The 'DS_parent' field in the DataSet table can be used to link a file record to its corresponding directory record (file.DS_parent == directory.DS_id). To distinguish a file record from a directory record, DS_parent == 0 for all directory records.

==== XML files ====

Each dataset corresponds to a pair of XML files (.xmd and .xml). This convention will be continued. To distinguish between directory datasets and file datasets, a new directory level in the file system is introduced. The current convention uses one directory for each application connected to the same database:

  .../XML/APP1
  .../XML/APP2
  etc.

In the new convention a new directory level will be introduced beneath each of these application directories.
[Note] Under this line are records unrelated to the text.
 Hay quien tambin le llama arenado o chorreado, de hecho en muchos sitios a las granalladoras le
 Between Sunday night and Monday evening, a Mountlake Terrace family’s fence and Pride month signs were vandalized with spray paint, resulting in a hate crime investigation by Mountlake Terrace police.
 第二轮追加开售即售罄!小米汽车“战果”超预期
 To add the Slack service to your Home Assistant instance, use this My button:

For example, for one of these application directories, the structure will be like this:

  .../XML/APP1
           name1.xmd
           name1.xml
           name2.xmd
           name2.xml
           ...
  .../XML/APP1/name1
           name1_xxx.xml
           name1_xxx.xmd
           name1_yyy.xml
           name1_yyy.xmd
  .../XML/APP1/name2
           ...

These files are created by extracting metadata from netCDF files like name1_xxx.nc, name1_yyy.nc etc. The xml/xmd files on the highest level will remain exactly as they are today. The xml/xmd files on the lowest level will each represent one netCDF file only. The format of these files will be the same as those describing the directory level datasets. (This format is described on [[xml-format]]).
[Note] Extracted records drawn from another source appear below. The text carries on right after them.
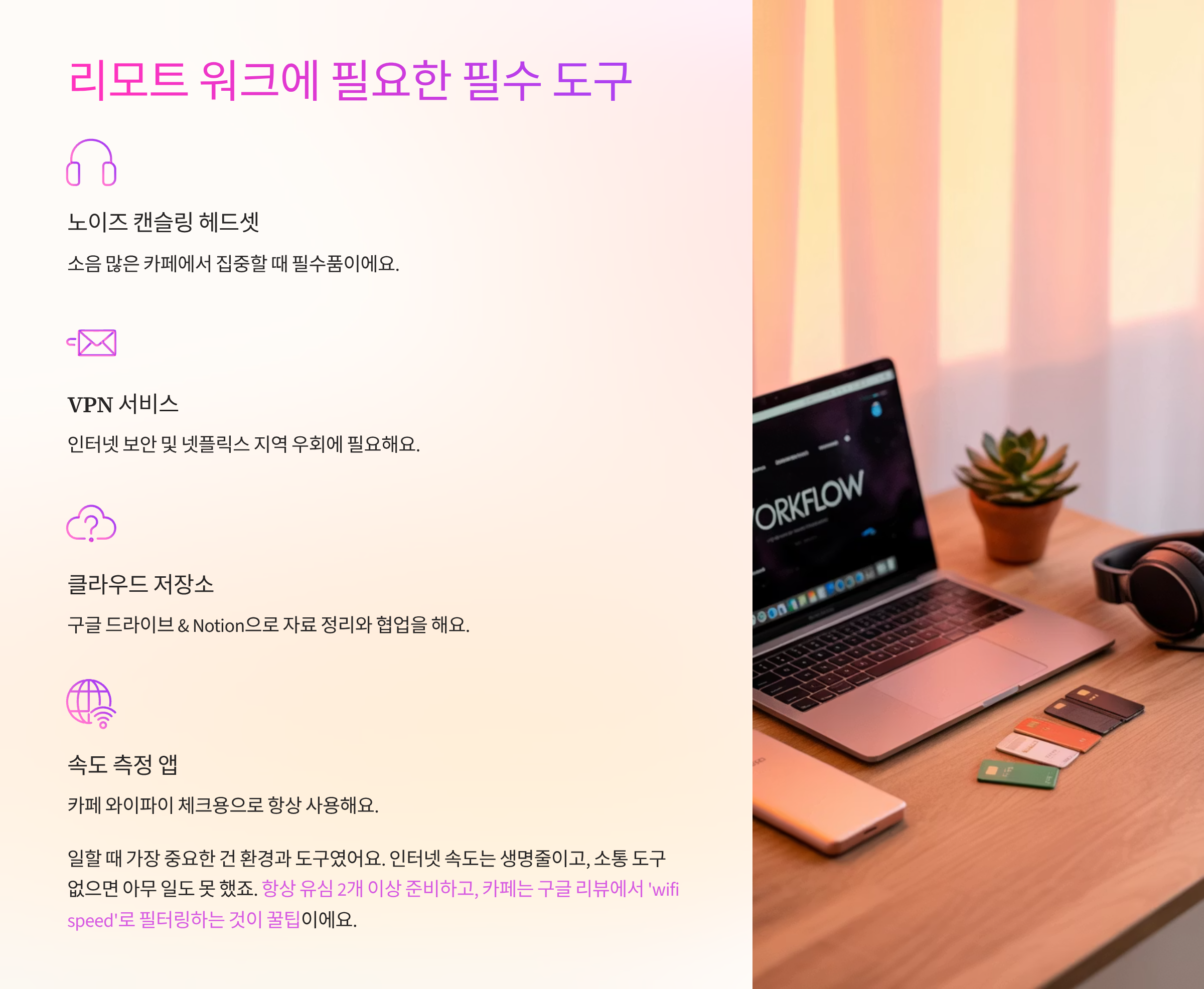 일할 때 가장 중요한 건 환경과 도구였어요. 인터넷 속도는 생명줄이고, 소통 도구 없으면 아무 일도 못 하죠. 제가 꼭 챙겨 다녔던 도구들을 소개할게요.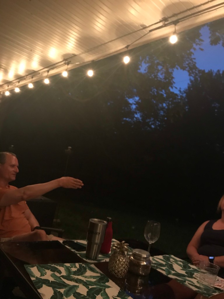 Tom and I hung out on the patio after Tom did a ton of yard work and I did a ton of housework.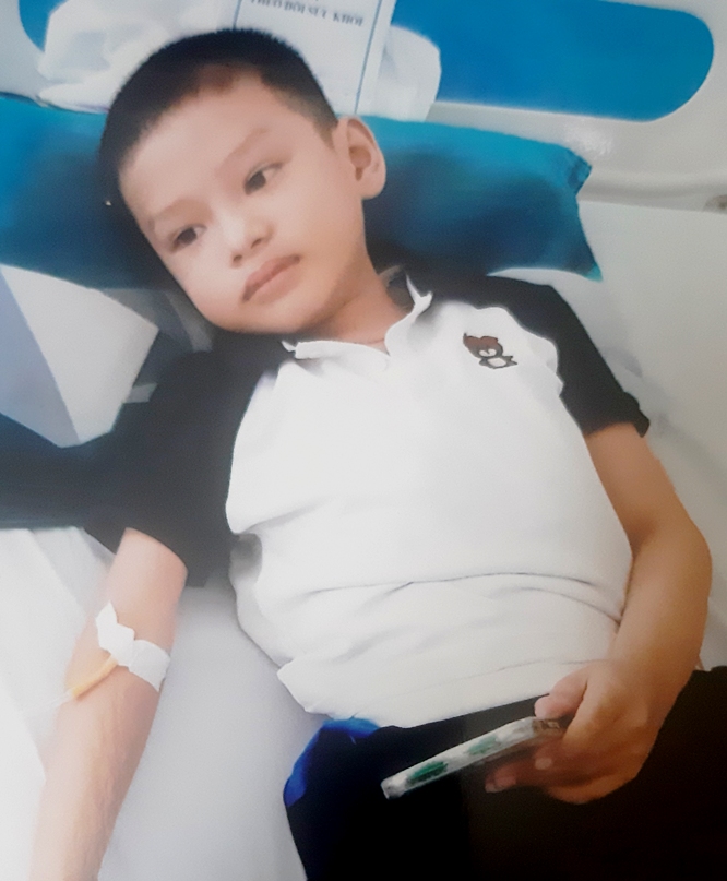 Đầu năm 2023, bé Khôi thấy đau bụng dữ dội, đưa đi cấp cứu ở Bệnh Viện Cuba, sau đó phải chuyển ngay vào Bệnh Viện Trung Ương Huế. Các bác sĩ xét nghiệm và cho biết bé bị căn bệnh ác tính u nguyên bào thần kinh, hiện đang nằm điều trị tại khoa Nhi – Truyền Máu – Huyết Học. Ông nội bé là Nguyễn Quốc Hoàn, 67 tuổi, theo vào Huế để chăm sóc cháu.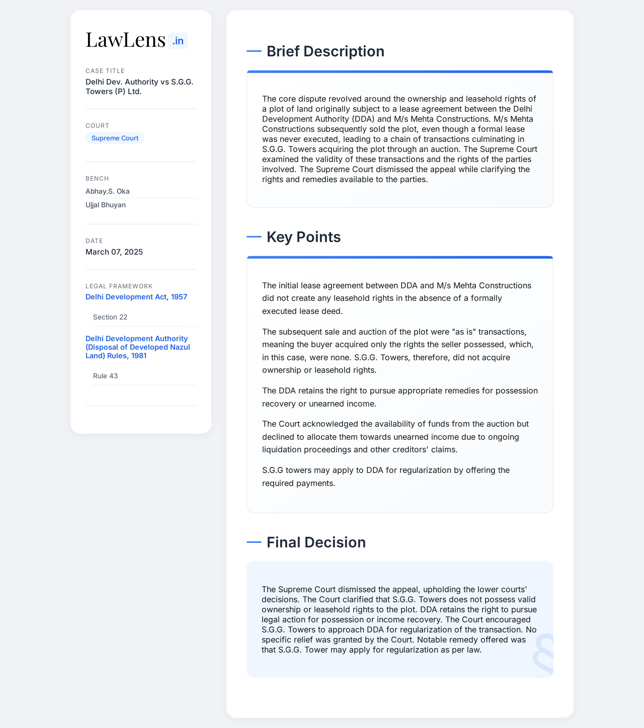 Delhi Development Authority vs S.G.G. Towers (P) Ltd. 2025 INSC 337
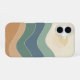 Retro illustration depicting gentle coastal waves in a softened oceanic palette inspired by the 70s.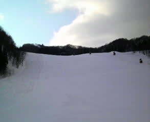 昨夜降らずに冷えきってたのを心配したけど、コースはカチカチになってないのはパウダーだから?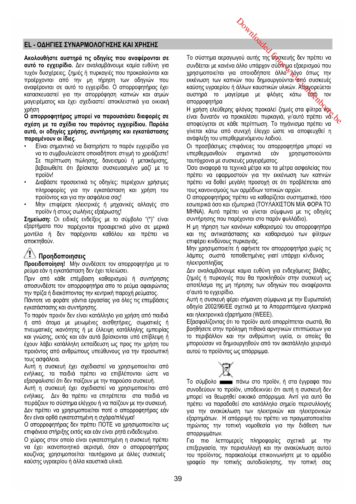 όσο και εξωτερικά (ΤΟΥΛΑΧΙΣΤΟΝ ΜΙΑ ΦΟΡΑ ΤΟ ΜΗΝΑ). Αυτό πρέπει να γίνεται σύμφωνα με τις οδηγίες συντήρησης που παρέχονται στο παρόν φυλλάδιο). Η μη τήρηση των κανόνων καθαρισμού του απορροφητήρα και της αντικατάστασης και καθαρισμού των φίλτρων επιφέρει κινδύνους πυρκαγιάς. Μην χρησιμοποιείτε ή αφήνετε τον απορροφητήρα χωρίς τις λάμπες σωστά τοποθετημένες γιατί υπάρχει κίνδυνος ηλεκτροπληξίας Δεν αναλαμβάνουμε καμια ευθύνη για ενδεχόμενες βλάβες, ζημιές ή πυρκαγιές που θα προκληθούν στην συσκευή ως αποτέλσμα της μη τήρησης των οδηγιών που αναφέρονται σ’αυτό το εγχειρίδιο. Αυτή η συσκευή φέρει σήμανση σύμφωνα με την Ευρωπαϊκή οδηγία 2002/96/ΕΕ σχετικά με τα Απορριπτόμενα ηλεκτρικά και ηλεκτρονικά εξαρτήματα (WEEE). Εξασφαλίζοντας ότι το προϊόν αυτό απορρίπτεται σωστά, θα βοηθήσετε στην πρόληψη πιθανά αρνητικών επιπτώσεων για το περιβάλλον και την ανθρώπινη υγεία, οι οποίες θα μπορούσαν να δημιουργηθούν από τον ακατάλληλο χειρισμό αυτού το προϊόντος ως απόρριμμα.

The dataset ID field (xpath in .xmd file: ''dataset/info@name'') will be now restricted to match one or
two ''/'' characters, one ''/'' meaning parent (''APPLICATION/DIRECTORY''), two ''/'' meaning file (''APPLICATION/DIRECTORY/FILE'').
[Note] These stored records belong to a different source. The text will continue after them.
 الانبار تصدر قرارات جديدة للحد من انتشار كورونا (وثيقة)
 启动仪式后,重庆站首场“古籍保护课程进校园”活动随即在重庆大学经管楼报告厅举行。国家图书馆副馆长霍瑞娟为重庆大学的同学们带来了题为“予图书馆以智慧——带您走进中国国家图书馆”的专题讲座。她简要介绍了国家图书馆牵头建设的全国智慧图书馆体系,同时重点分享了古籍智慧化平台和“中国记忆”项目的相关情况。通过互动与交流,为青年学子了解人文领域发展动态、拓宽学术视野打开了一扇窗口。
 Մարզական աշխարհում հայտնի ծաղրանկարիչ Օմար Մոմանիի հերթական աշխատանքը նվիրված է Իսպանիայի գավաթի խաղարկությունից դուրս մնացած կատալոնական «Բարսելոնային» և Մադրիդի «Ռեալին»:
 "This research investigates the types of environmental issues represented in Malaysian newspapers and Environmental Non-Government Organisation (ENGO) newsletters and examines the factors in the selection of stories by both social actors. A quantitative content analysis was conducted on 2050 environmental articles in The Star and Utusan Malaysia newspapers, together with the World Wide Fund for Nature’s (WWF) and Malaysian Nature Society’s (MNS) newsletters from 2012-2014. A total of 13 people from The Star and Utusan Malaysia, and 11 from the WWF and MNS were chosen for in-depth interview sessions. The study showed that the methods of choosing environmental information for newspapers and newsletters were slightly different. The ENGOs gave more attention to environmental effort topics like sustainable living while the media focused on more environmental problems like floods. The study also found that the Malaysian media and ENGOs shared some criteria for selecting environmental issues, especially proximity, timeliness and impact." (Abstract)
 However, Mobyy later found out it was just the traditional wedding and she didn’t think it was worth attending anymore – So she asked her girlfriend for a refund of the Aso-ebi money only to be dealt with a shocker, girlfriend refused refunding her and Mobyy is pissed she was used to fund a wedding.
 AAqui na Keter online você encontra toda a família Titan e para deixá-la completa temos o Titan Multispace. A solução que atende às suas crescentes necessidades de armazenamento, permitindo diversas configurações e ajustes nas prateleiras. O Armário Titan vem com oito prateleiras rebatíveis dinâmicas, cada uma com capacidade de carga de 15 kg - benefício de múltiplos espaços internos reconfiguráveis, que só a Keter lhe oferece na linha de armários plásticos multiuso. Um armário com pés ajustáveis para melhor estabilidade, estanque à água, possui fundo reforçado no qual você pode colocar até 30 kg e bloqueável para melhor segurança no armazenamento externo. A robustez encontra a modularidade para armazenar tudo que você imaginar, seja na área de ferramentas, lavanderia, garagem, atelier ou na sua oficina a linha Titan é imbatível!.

=== Updating from Metamod 2.1 to Metamod 2.2 (adding file-metadata) ===

The current trunk of Metamod, which will lead to Metamod 2.2, extracts now both levels of metadata
from fresh uploaded files. The file-metadata from older netcdf-files stored on the same machine in an OpENDAP enabled catalogue can be generated using the program ''createChildDatasets.pl'', which is installed in the script directory and should be used as:

  createChildDatasets.pl /outputdir

The outputdir will contain all second level metadata. After manual verification it should be copied over
to metadata-directory of the project.


==== SEARCH module ====
The main functionality of the search user interface will be kept. Searching will initially be limited to the highest (directory) level. When the search results are displayed, a small button [+] will be shown for each directory dataset that has corresponding files. When pushing this [+] button, the search result will be expanded with one row for each file record **//that match the search criteria//**. (Possibly we should also have a button that let the user see **//all//** the files belonging to that directory). Each row with file information includes a link directly to the THREDDS page for that file. The subtable with file information should have a separate heading row customized to the fields that vary between the file records.